_Goal of the exercise_. Retype all of the listing exactly, passing over any picture you find.

_Exercise material_.
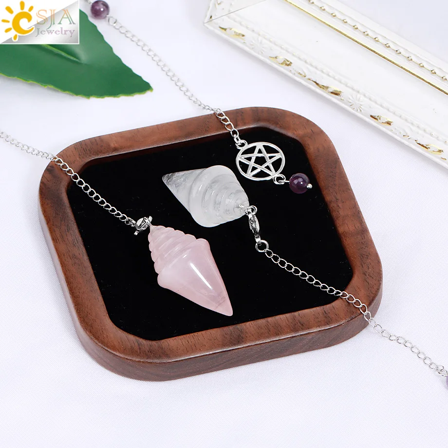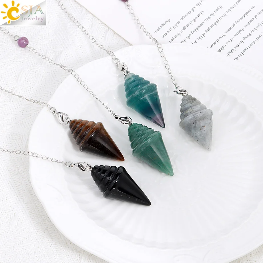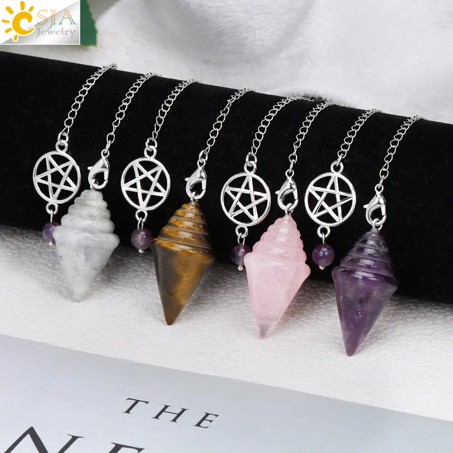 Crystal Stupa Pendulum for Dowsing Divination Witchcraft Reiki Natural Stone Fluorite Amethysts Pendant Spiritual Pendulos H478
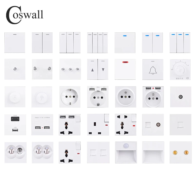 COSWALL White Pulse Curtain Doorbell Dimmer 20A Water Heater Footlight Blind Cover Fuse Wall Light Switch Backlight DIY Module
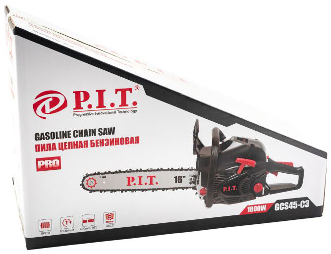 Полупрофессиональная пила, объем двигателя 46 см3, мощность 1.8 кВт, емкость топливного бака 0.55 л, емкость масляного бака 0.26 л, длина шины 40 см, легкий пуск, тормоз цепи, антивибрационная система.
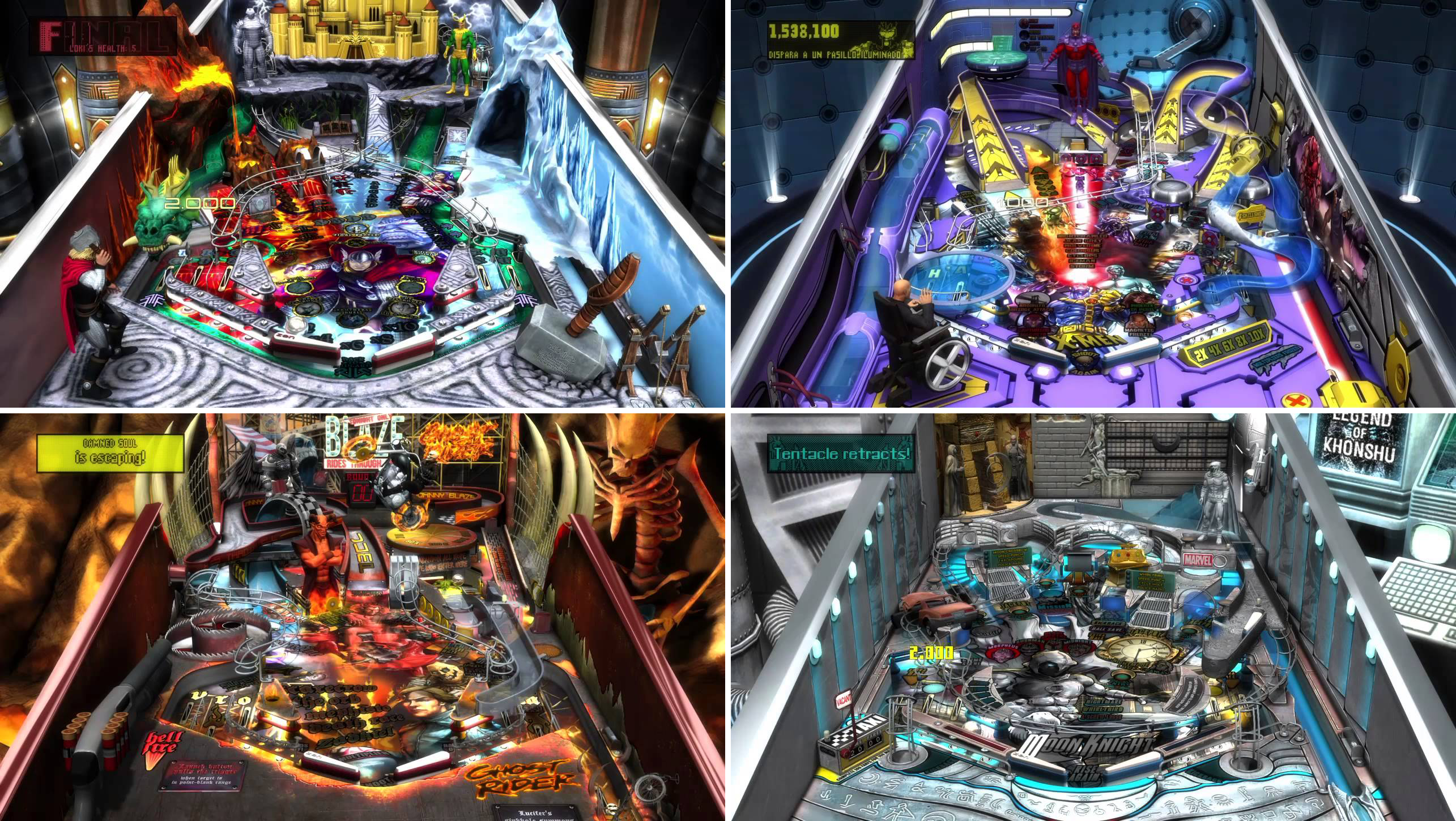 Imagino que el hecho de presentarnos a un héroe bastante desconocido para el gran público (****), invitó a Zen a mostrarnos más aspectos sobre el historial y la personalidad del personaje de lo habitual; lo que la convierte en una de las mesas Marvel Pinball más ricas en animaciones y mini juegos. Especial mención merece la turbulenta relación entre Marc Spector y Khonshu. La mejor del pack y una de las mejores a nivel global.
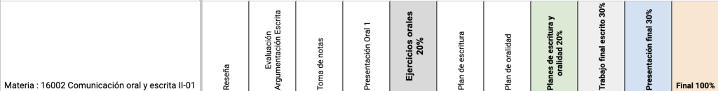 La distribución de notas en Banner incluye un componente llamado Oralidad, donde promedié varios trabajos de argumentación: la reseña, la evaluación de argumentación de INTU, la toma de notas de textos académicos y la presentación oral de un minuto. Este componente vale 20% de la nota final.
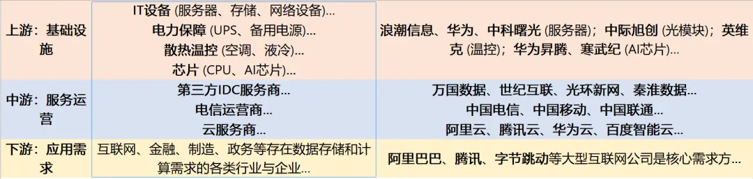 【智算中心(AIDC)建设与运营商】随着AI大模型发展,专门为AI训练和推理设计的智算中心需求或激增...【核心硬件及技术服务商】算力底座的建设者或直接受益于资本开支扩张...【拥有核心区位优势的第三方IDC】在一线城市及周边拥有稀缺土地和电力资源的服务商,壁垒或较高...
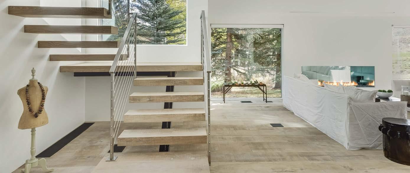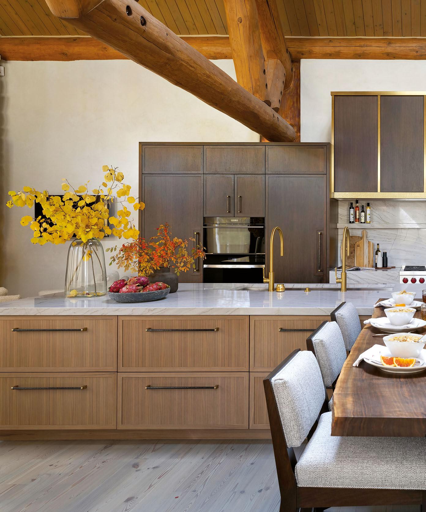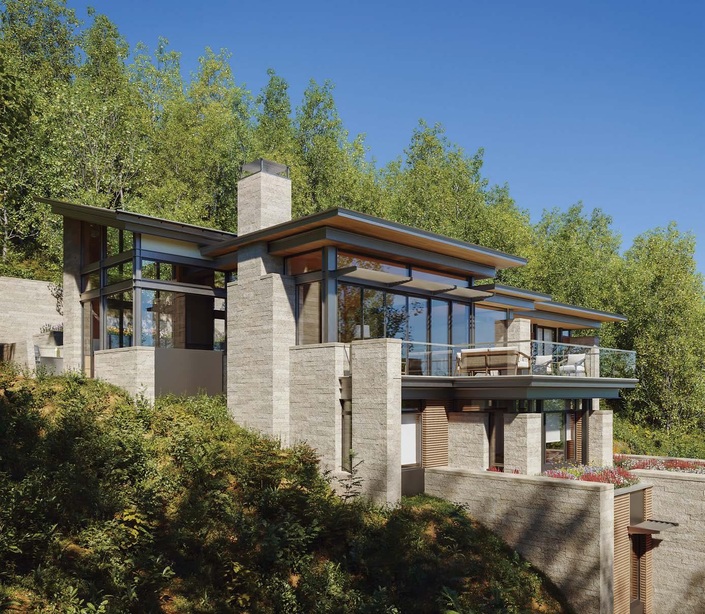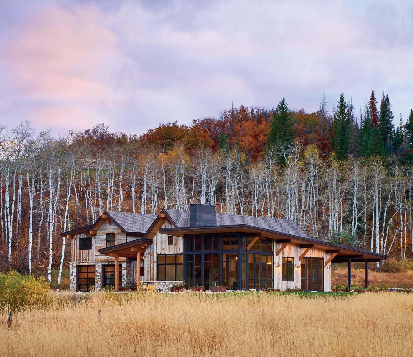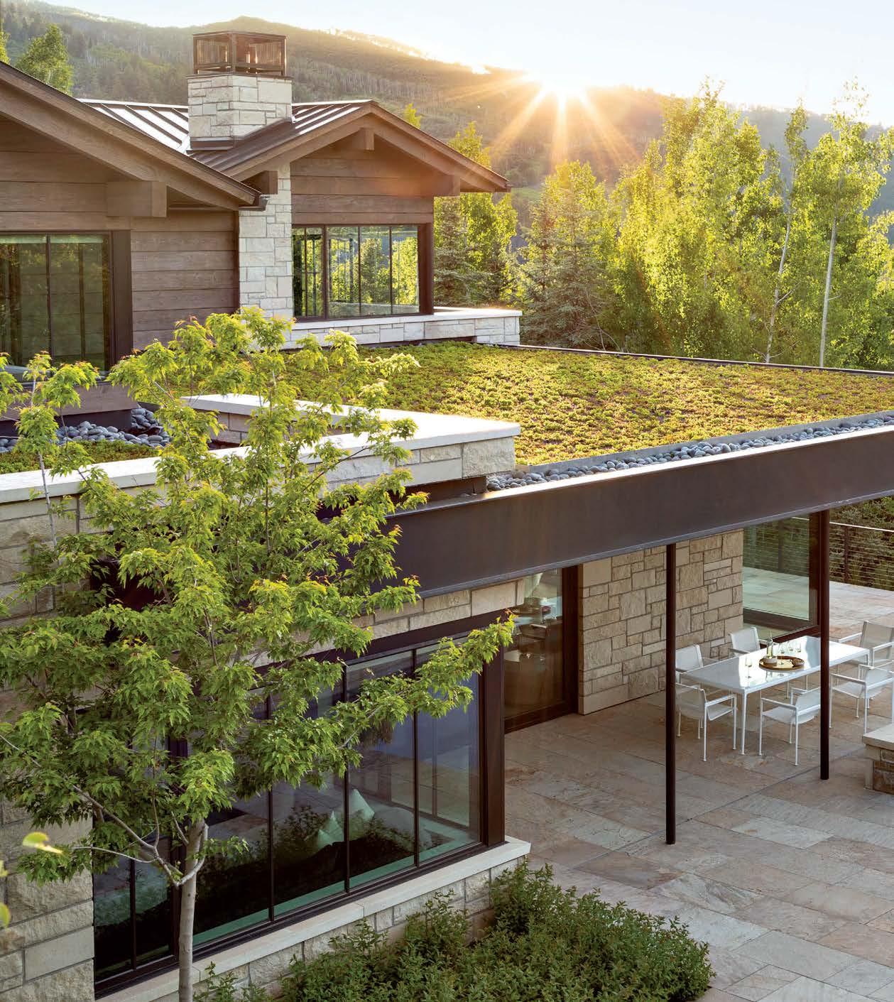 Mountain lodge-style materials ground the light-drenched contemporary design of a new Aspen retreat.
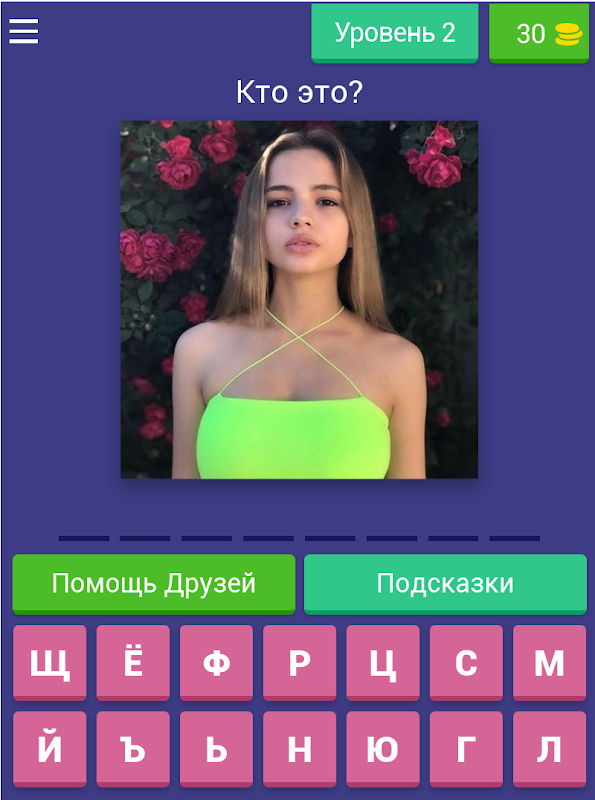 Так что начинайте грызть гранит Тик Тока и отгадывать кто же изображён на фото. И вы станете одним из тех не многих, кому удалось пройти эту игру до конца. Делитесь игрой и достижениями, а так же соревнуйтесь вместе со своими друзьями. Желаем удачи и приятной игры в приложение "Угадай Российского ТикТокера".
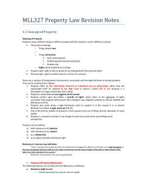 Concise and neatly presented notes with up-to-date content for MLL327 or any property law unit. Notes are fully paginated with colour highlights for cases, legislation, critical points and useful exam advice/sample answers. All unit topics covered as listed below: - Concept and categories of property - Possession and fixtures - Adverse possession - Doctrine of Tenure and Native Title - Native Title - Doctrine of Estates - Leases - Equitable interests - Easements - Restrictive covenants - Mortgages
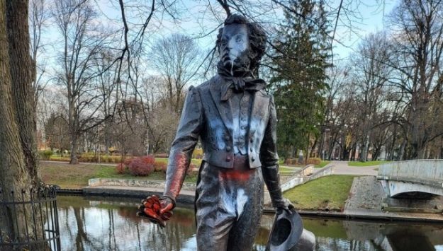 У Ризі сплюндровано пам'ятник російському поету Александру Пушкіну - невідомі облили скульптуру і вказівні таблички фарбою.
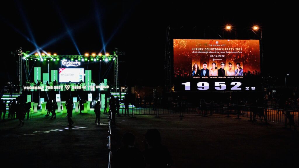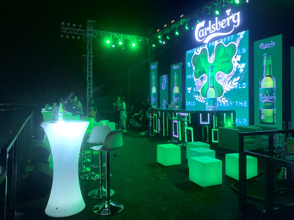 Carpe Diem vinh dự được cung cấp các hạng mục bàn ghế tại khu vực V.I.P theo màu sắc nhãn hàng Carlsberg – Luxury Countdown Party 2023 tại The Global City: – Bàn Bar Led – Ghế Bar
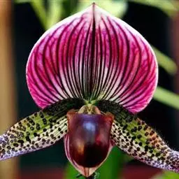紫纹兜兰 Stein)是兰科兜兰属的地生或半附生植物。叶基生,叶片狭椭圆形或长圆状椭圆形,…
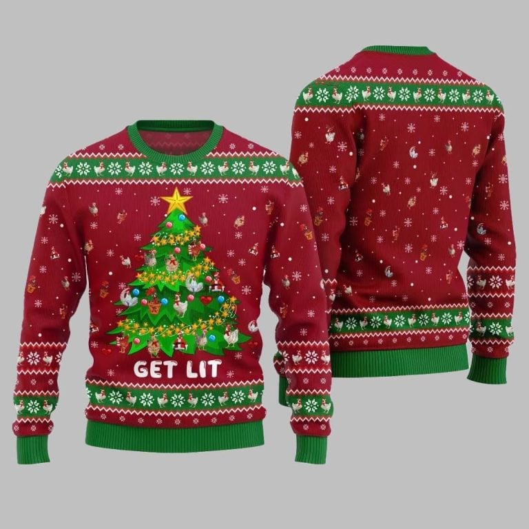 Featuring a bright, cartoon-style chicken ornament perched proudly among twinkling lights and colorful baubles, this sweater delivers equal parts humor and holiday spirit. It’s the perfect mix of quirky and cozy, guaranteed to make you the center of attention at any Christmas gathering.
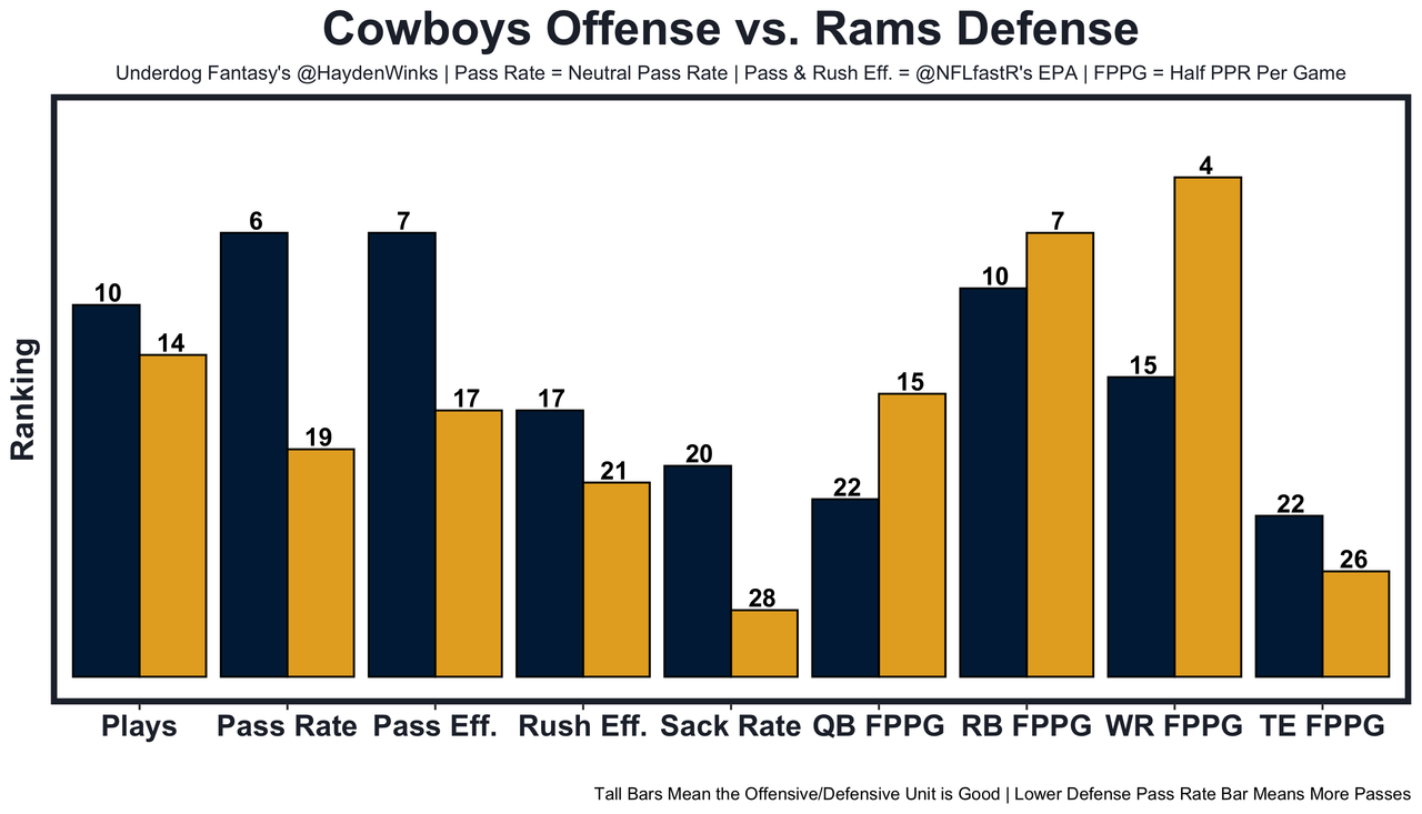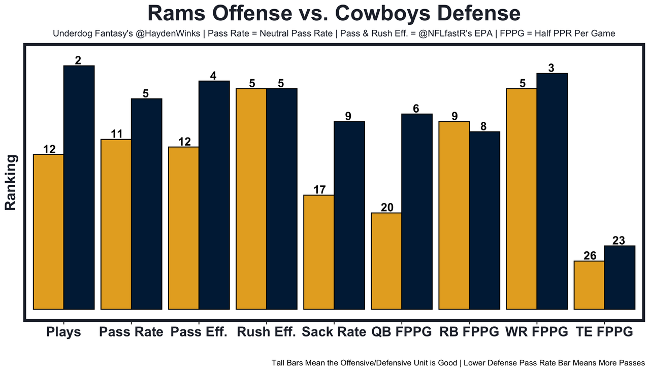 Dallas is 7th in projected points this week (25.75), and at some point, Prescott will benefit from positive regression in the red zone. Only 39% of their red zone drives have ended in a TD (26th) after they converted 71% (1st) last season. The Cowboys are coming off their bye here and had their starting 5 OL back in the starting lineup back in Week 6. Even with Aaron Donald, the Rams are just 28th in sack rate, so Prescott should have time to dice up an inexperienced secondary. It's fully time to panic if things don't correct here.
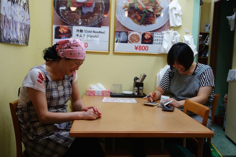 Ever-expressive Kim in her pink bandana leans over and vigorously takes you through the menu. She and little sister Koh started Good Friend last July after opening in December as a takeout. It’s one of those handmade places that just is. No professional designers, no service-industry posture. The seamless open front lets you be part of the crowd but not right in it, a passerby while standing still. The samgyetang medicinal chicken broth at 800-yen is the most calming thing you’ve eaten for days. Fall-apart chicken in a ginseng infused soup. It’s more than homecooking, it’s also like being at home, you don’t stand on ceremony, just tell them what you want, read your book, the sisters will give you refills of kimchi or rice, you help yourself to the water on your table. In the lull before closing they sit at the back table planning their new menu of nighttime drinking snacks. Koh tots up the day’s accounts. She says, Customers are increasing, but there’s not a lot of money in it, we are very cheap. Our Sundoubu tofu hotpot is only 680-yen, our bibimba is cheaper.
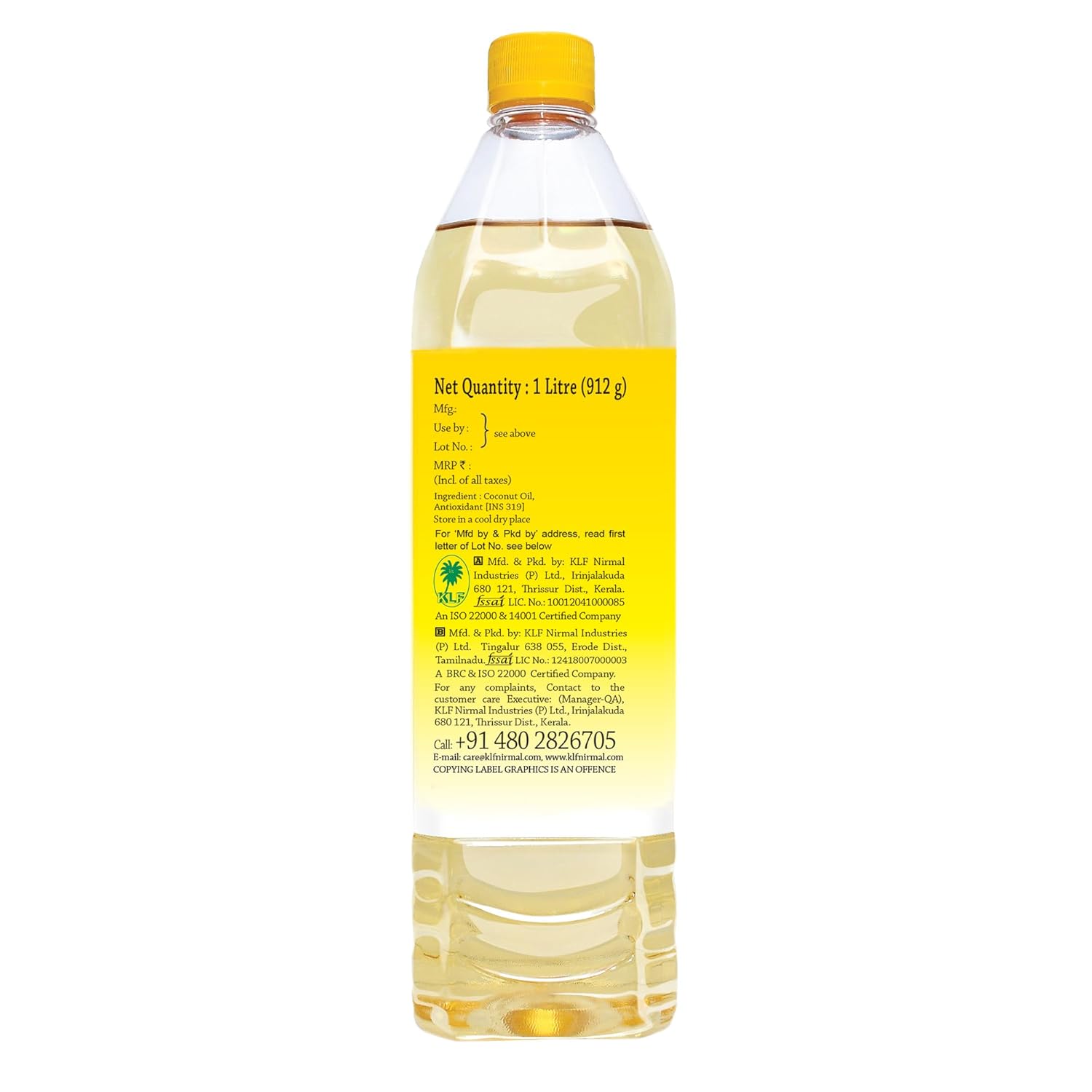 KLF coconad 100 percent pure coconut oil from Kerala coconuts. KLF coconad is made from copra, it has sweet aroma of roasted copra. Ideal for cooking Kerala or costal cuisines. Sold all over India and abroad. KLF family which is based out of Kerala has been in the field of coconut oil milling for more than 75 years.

_Result for this task_.
 Crystal Stupa Pendulum for Dowsing Divination Witchcraft Reiki Natural Stone Fluorite Amethysts Pendant Spiritual Pendulos H478
 COSWALL White Pulse Curtain Doorbell Dimmer 20A Water Heater Footlight Blind Cover Fuse Wall Light Switch Backlight DIY Module
 Полупрофессиональная пила, объем двигателя 46 см3, мощность 1.8 кВт, емкость топливного бака 0.55 л, емкость масляного бака 0.26 л, длина шины 40 см, легкий пуск, тормоз цепи, антивибрационная система.
 Imagino que el hecho de presentarnos a un héroe bastante desconocido para el gran público (****), invitó a Zen a mostrarnos más aspectos sobre el historial y la personalidad del personaje de lo habitual; lo que la convierte en una de las mesas Marvel Pinball más ricas en animaciones y mini juegos. Especial mención merece la turbulenta relación entre Marc Spector y Khonshu. La mejor del pack y una de las mejores a nivel global.
 La distribución de notas en Banner incluye un componente llamado Oralidad, donde promedié varios trabajos de argumentación: la reseña, la evaluación de argumentación de INTU, la toma de notas de textos académicos y la presentación oral de un minuto. Este componente vale 20% de la nota final.
 【智算中心(AIDC)建设与运营商】随着AI大模型发展,专门为AI训练和推理设计的智算中心需求或激增...【核心硬件及技术服务商】算力底座的建设者或直接受益于资本开支扩张...【拥有核心区位优势的第三方IDC】在一线城市及周边拥有稀缺土地和电力资源的服务商,壁垒或较高...
 Mountain lodge-style materials ground the light-drenched contemporary design of a new Aspen retreat.
 Так что начинайте грызть гранит Тик Тока и отгадывать кто же изображён на фото. И вы станете одним из тех не многих, кому удалось пройти эту игру до конца. Делитесь игрой и достижениями, а так же соревнуйтесь вместе со своими друзьями. Желаем удачи и приятной игры в приложение "Угадай Российского ТикТокера".
 Concise and neatly presented notes with up-to-date content for MLL327 or any property law unit. Notes are fully paginated with colour highlights for cases, legislation, critical points and useful exam advice/sample answers. All unit topics covered as listed below: - Concept and categories of property - Possession and fixtures - Adverse possession - Doctrine of Tenure and Native Title - Native Title - Doctrine of Estates - Leases - Equitable interests - Easements - Restrictive covenants - Mortgages
 У Ризі сплюндровано пам'ятник російському поету Александру Пушкіну - невідомі облили скульптуру і вказівні таблички фарбою.
 Carpe Diem vinh dự được cung cấp các hạng mục bàn ghế tại khu vực V.I.P theo màu sắc nhãn hàng Carlsberg – Luxury Countdown Party 2023 tại The Global City: – Bàn Bar Led – Ghế Bar
紫纹兜兰 Stein)是兰科兜兰属的地生或半附生植物。叶基生,叶片狭椭圆形或长圆状椭圆形,…
 Featuring a bright, cartoon-style chicken ornament perched proudly among twinkling lights and colorful baubles, this sweater delivers equal parts humor and holiday spirit. It’s the perfect mix of quirky and cozy, guaranteed to make you the center of attention at any Christmas gathering.
 Dallas is 7th in projected points this week (25.75), and at some point, Prescott will benefit from positive regression in the red zone. Only 39% of their red zone drives have ended in a TD (26th) after they converted 71% (1st) last season. The Cowboys are coming off their bye here and had their starting 5 OL back in the starting lineup back in Week 6. Even with Aaron Donald, the Rams are just 28th in sack rate, so Prescott should have time to dice up an inexperienced secondary. It's fully time to panic if things don't correct here.
 Ever-expressive Kim in her pink bandana leans over and vigorously takes you through the menu. She and little sister Koh started Good Friend last July after opening in December as a takeout. It’s one of those handmade places that just is. No professional designers, no service-industry posture. The seamless open front lets you be part of the crowd but not right in it, a passerby while standing still. The samgyetang medicinal chicken broth at 800-yen is the most calming thing you’ve eaten for days. Fall-apart chicken in a ginseng infused soup. It’s more than homecooking, it’s also like being at home, you don’t stand on ceremony, just tell them what you want, read your book, the sisters will give you refills of kimchi or rice, you help yourself to the water on your table. In the lull before closing they sit at the back table planning their new menu of nighttime drinking snacks. Koh tots up the day’s accounts. She says, Customers are increasing, but there’s not a lot of money in it, we are very cheap. Our Sundoubu tofu hotpot is only 680-yen, our bibimba is cheaper.
 KLF coconad 100 percent pure coconut oil from Kerala coconuts. KLF coconad is made from copra, it has sweet aroma of roasted copra. Ideal for cooking Kerala or costal cuisines. Sold all over India and abroad. KLF family which is based out of Kerala has been in the field of coconut oil milling for more than 75 years.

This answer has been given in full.